Molly sat gazing at him, silent.

"I know what yu' meant," he told her now, "by sayin' you're not the wife I'd want. But I am the kind that moves up. I am goin' to be your best scholar." He turned toward her, and that fortress within her began to shake. "Don't," she murmured.

"Don't, please."

"Don't what?"

"Why--spoil this."

"Spoil it?"

"These rides--I don't love you--I can't--but these rides are--"

"What are they?"

"My greatest pleasure. There! And, please, I want them to go on so."

"Go on so! I don't reckon yu' know what you're sayin'. Yu' might as well ask fruit to stay green. If the way we are now can keep bein' enough for you, it can't for me. A pleasure to you, is it? Well, to me it is--I don't know what to call it. I come to yu' and I hate it, and I come again and I hate it, and I ache and grieve all over when I go. No! You will have to think of some other way than just invitin' me to keep green."

"If I am to see you--" began the girl.

"You're not to see me. Not like this. I can stay away easier than what I am Join'."

"Will you do me a favor, a great one?" said she, now.
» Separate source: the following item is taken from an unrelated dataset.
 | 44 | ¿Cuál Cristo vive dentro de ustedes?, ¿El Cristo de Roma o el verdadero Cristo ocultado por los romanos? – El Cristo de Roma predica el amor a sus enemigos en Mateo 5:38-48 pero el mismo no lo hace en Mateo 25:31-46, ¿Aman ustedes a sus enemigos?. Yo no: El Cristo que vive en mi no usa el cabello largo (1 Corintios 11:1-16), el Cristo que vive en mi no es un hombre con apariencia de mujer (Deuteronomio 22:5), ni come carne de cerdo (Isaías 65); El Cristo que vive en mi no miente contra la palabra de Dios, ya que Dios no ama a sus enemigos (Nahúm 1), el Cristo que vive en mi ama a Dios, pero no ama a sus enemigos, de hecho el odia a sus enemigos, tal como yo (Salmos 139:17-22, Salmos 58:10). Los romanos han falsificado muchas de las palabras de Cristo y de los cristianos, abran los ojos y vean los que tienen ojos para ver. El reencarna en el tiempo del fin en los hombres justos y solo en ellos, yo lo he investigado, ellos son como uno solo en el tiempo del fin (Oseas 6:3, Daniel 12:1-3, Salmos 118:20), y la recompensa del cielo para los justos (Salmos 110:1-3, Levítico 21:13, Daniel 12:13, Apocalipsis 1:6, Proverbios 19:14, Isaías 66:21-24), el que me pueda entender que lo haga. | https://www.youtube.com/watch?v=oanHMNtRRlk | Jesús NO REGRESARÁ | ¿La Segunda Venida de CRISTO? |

"Make it as impossible as you please!" he cried. He thought it was to be some action.

"Go on coming. But don't talk to me about--don't talk in that way--if you can help it"

He laughed out, not permitting himself to swear.
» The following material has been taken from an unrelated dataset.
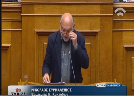 Το σχέδιο νόμου του Υπουργείου Εσωτερικών και Διοικητικής Ανασυγκρότησης για διαφάνεια, αξιοκρατία και αποτελεσματικότητα της Δημόσιας Διοίκησης είναι πραγματικά άλλη μία ριζοσπαστική τομή για την Κυβέρνηση ΣΥΡΙΖΑ-ΑΝΕΛ, παρά το ασφυκτικό πλαίσιο στο οποίο βρίσκεται και τις τεράστιες εξωτερικές πιέσεις που συντελούνται αυτή την ώρα, με το προσφυγικό κύμα και με τη δημοσιονομική ασφυξία. Αυτό δήλωσε, μεταξύ άλλων ο βουλευτής Κυκλάδων Νίκος Συρμαλένιος, κατά την ομιλία του στην Ολομέλεια της Βουλής, κατά τη συζήτηση του νομοσχεδίου.

"But," she continued, "if you can't help talking that way--sometimes--I promise I will listen. That is the only promise I make."

"That is a bargain," he said. Then he helped her mount her horse, restraining himself like a Spartan, and they rode home to her cabin.

"You have made it pretty near impossible," he said, as he took his leave. "But you've been square to-day, and I'll show you I can be square when I come back. I'll not do more than ask you if your mind's the same. And now I'll not see you for quite a while. I am going a long way. But I'll be very busy. And bein' busy always keeps me from grievin' too much about you."

Strange is woman! She would rather have heard some other last remark than this.

"Oh, very well!" she said. "I'll not miss you either."

He smiled at her. "I doubt if yu' can help missin' me," he remarked. And he was gone at once, galloping on his Monte horse.

Which of the two won a victory this day?